Exercise requirements ->
Your reply is to be the lines below, exactly as written, with images omitted.

Exercise data ->
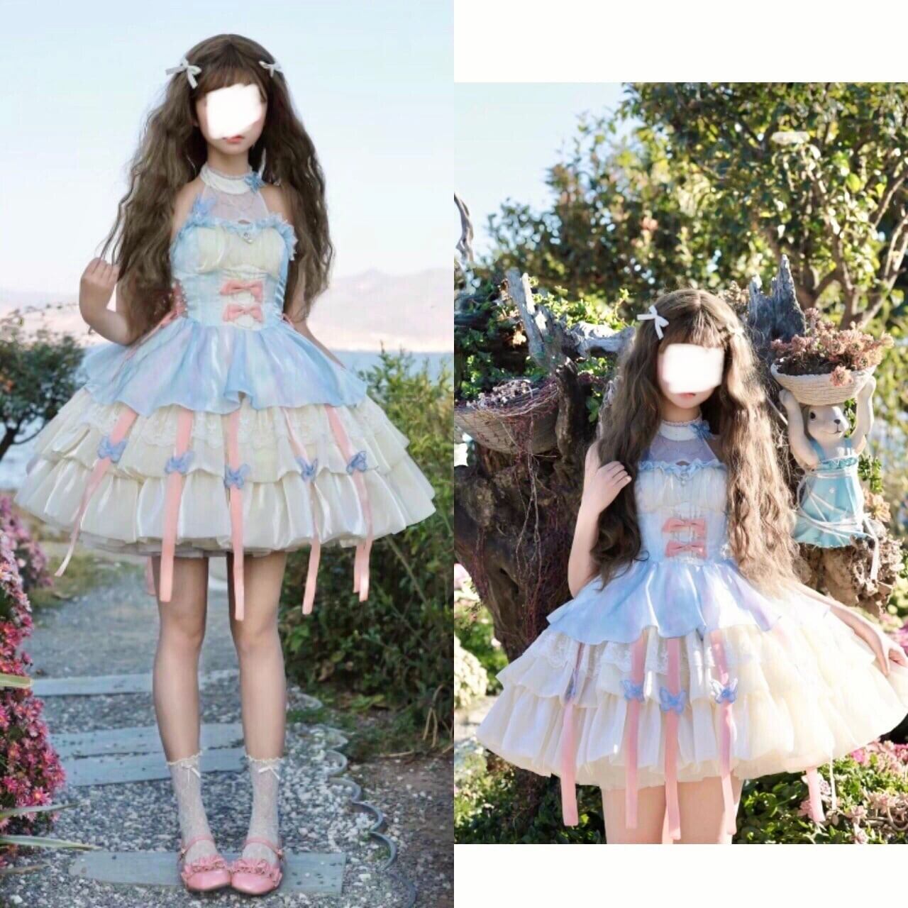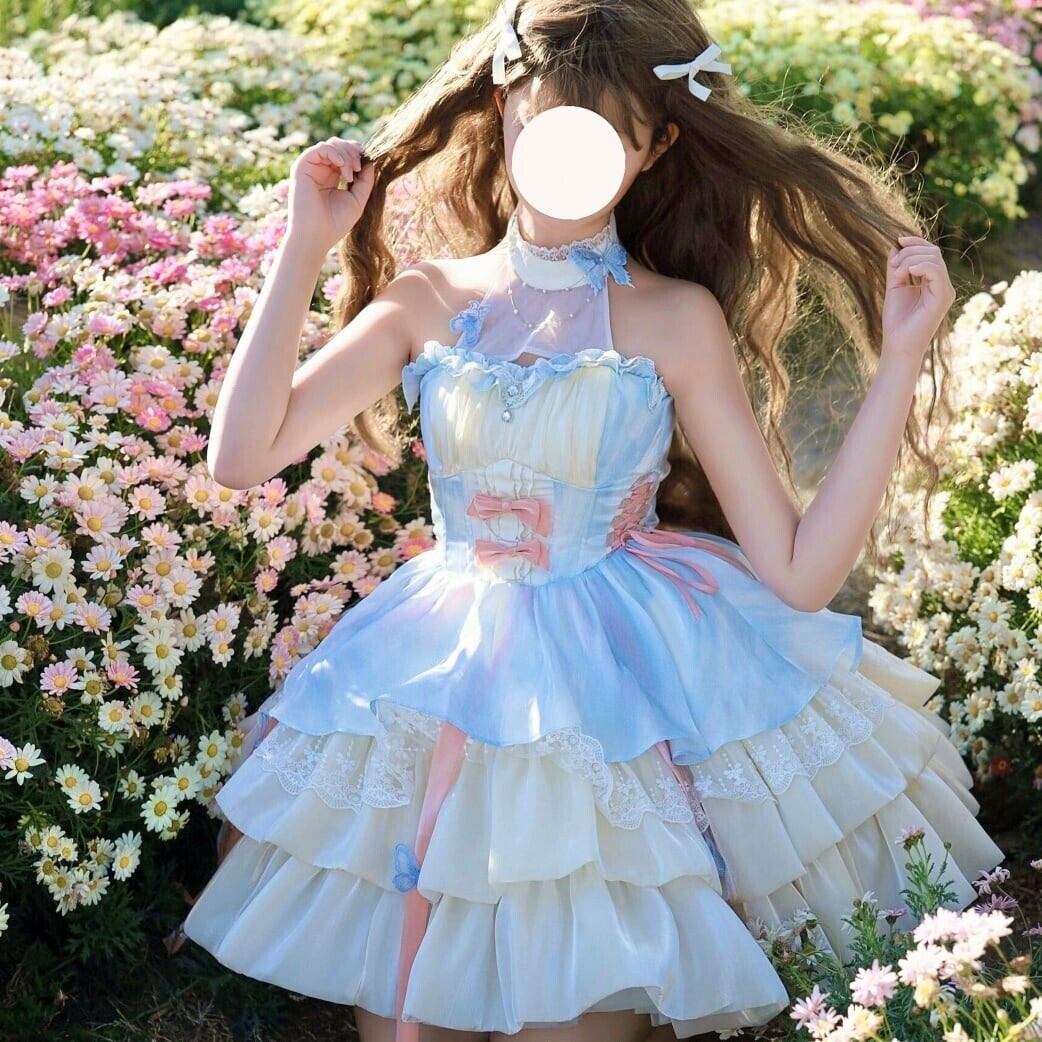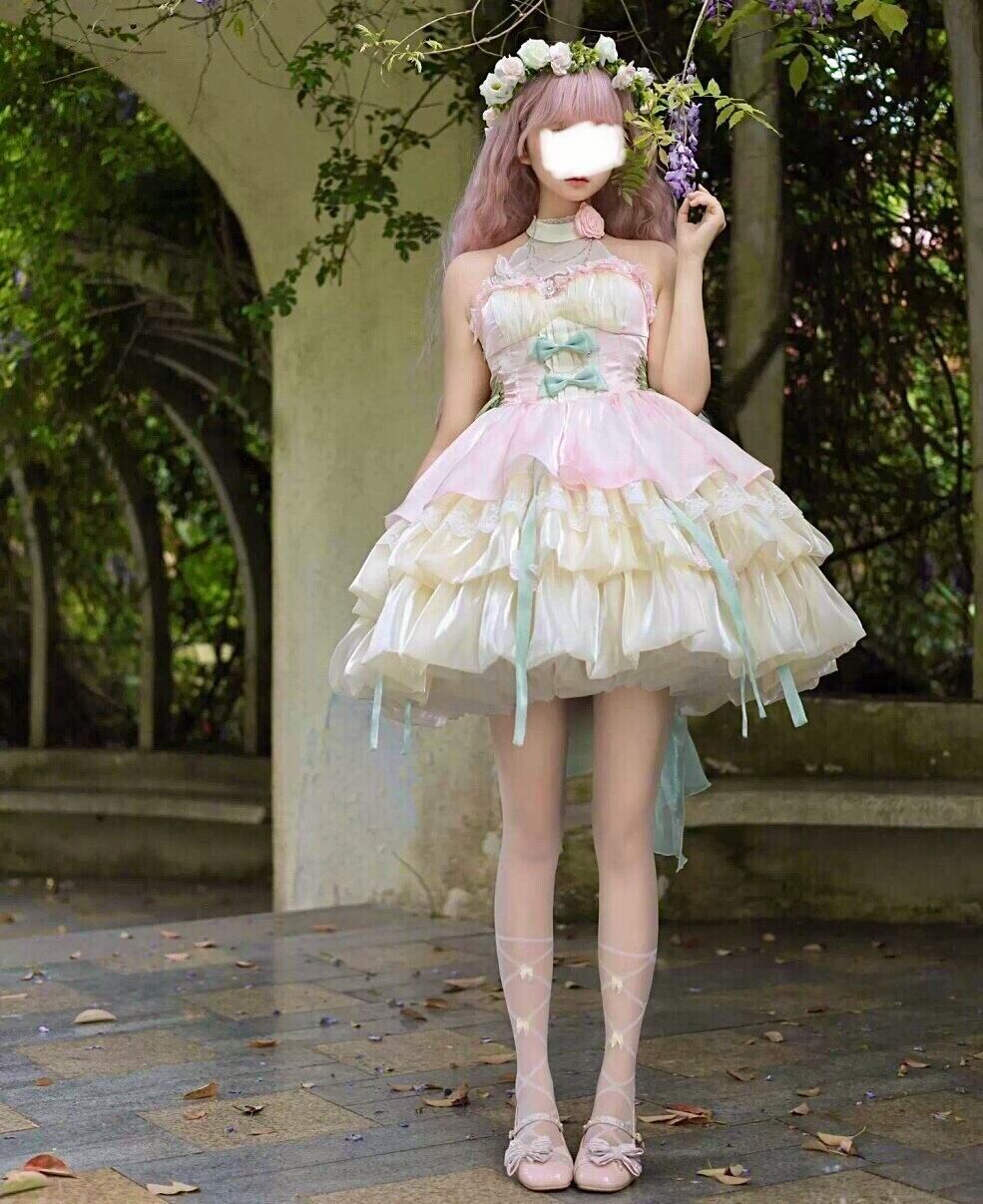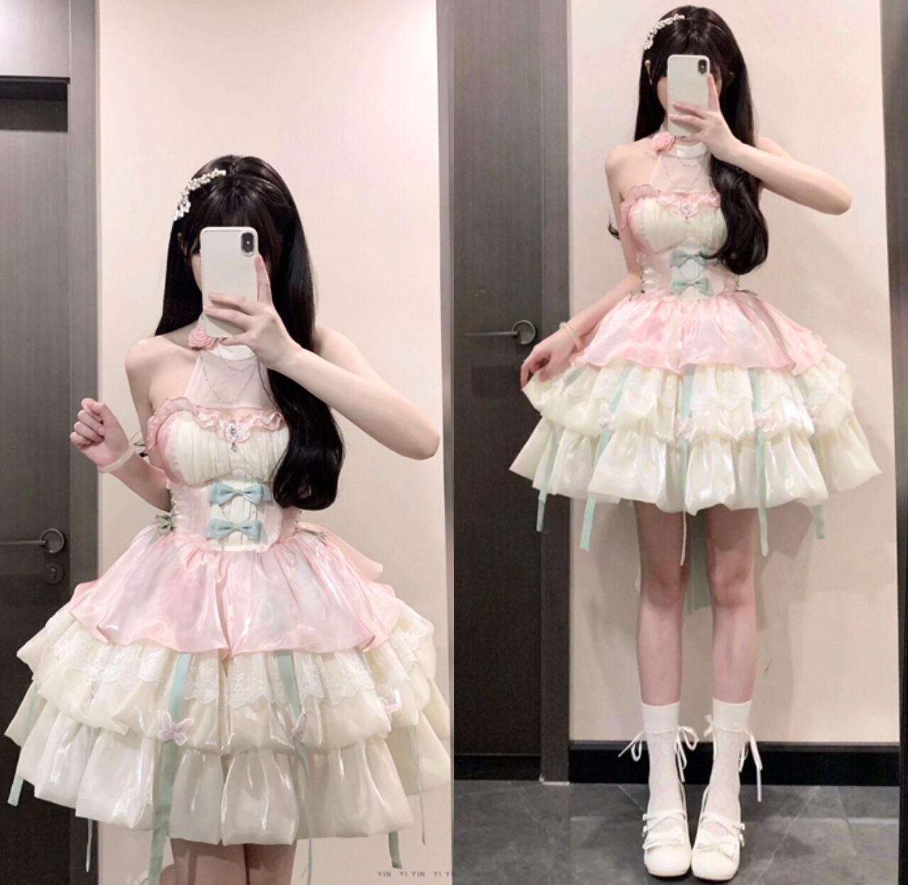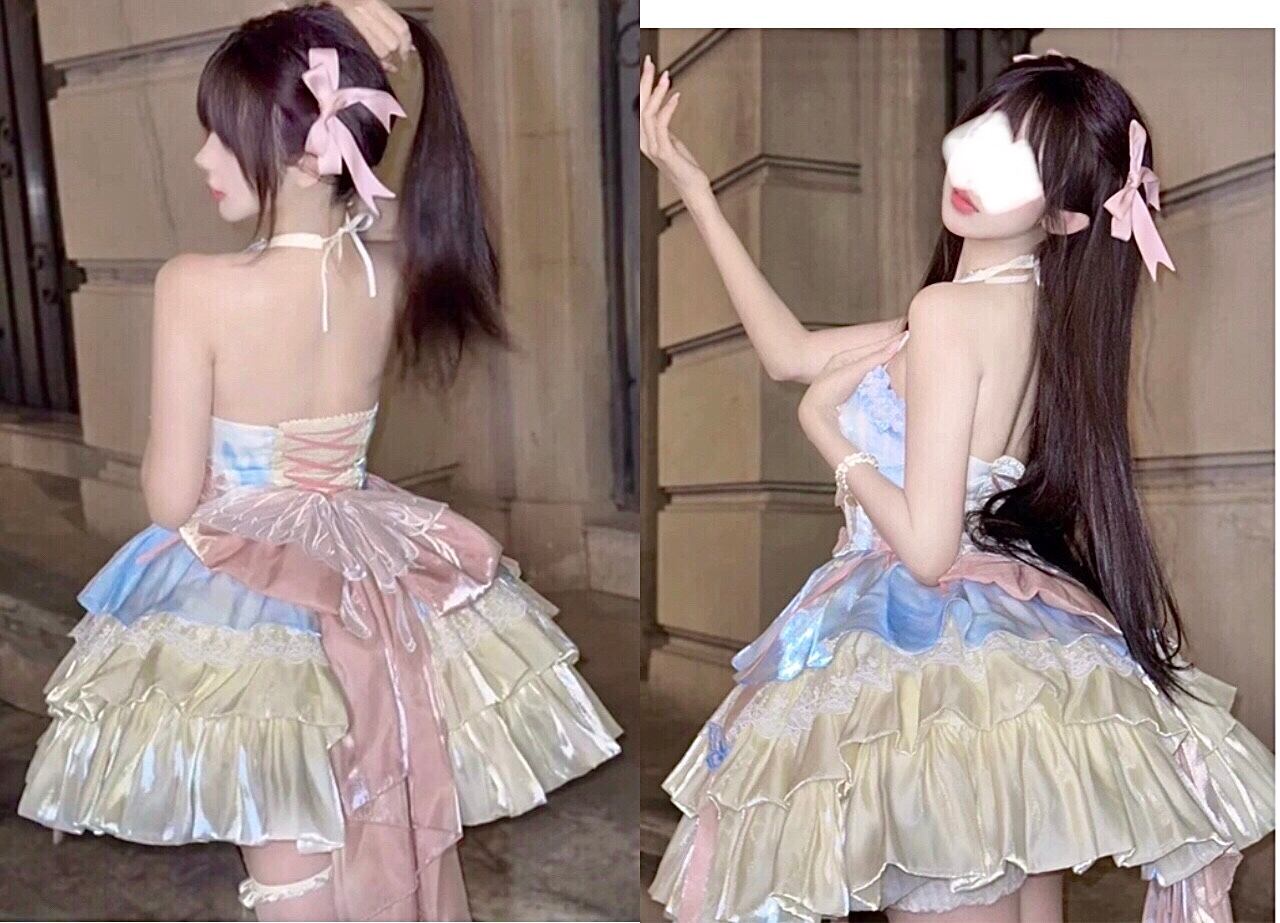 ロリータ ミニワンピース ホルターネック リボン 2color
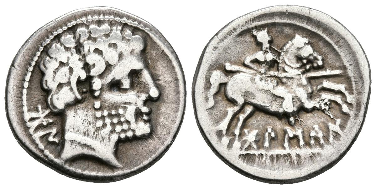 BOLSCAN. Denario. 180-20 a.C. Huesca. A/ Cabeza barbada a derecha, detrás letras ibéricas BoN. R/ Jinete con lanza a derecha, debajo leyenda ibérica BoLSCaN. FAB-1911. Ar. 4,05g. MBC.
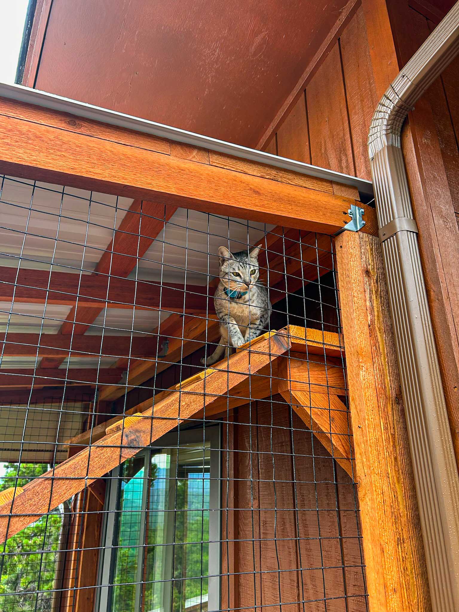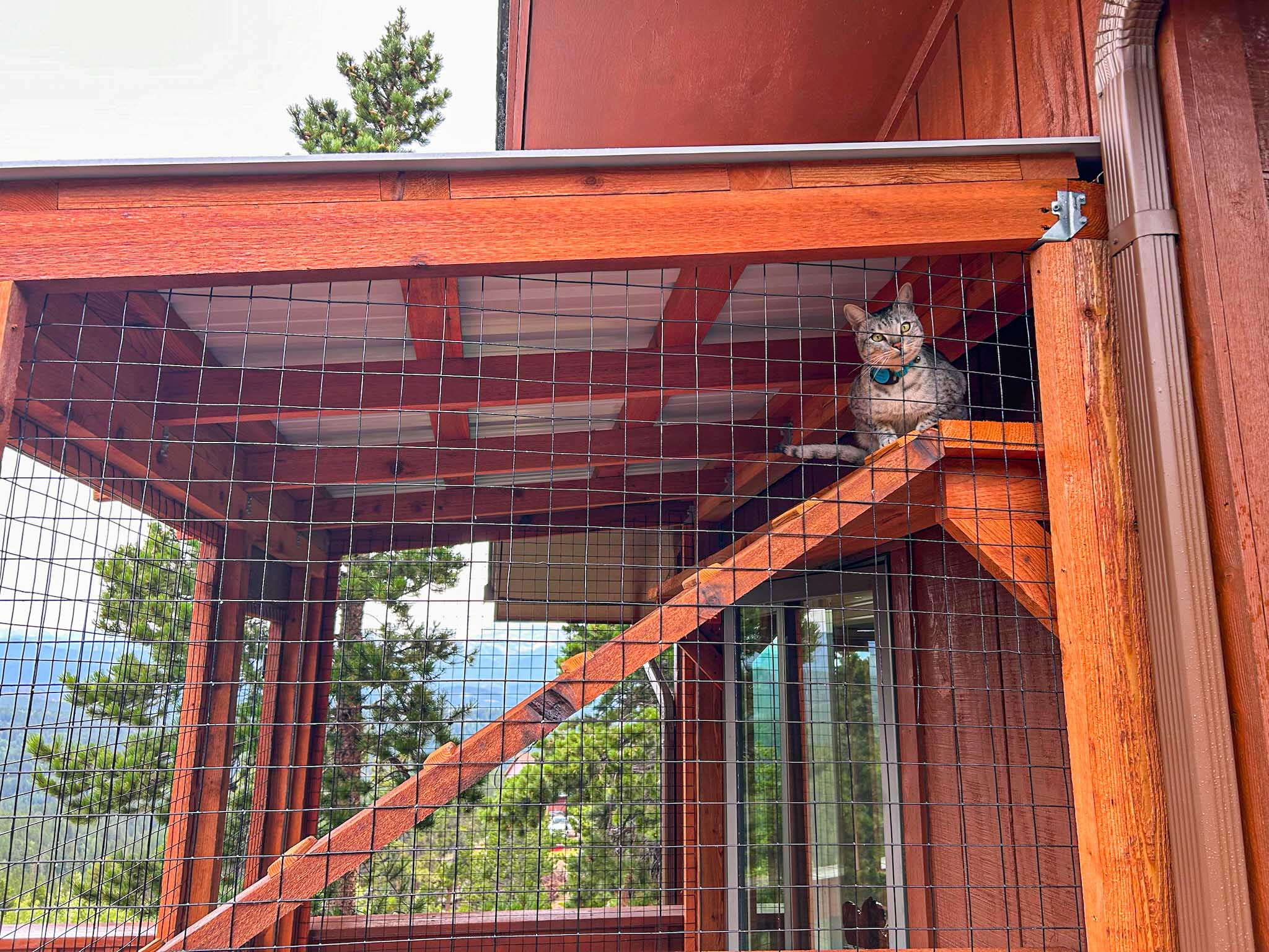 Meowntain Lounge isn’t just a cat enclosure — it’s a luxurious, functional addition to your home. Every detail is made with care, from the hand-stained cedar and elevated deck to the tunnel’s slatted shade design. Your cat will love the freedom to explore, and you’ll appreciate the style it brings to your outdoor space.

Exercise solution ->
 ロリータ ミニワンピース ホルターネック リボン 2color
 BOLSCAN. Denario. 180-20 a.C. Huesca. A/ Cabeza barbada a derecha, detrás letras ibéricas BoN. R/ Jinete con lanza a derecha, debajo leyenda ibérica BoLSCaN. FAB-1911. Ar. 4,05g. MBC.
 Meowntain Lounge isn’t just a cat enclosure — it’s a luxurious, functional addition to your home. Every detail is made with care, from the hand-stained cedar and elevated deck to the tunnel’s slatted shade design. Your cat will love the freedom to explore, and you’ll appreciate the style it brings to your outdoor space.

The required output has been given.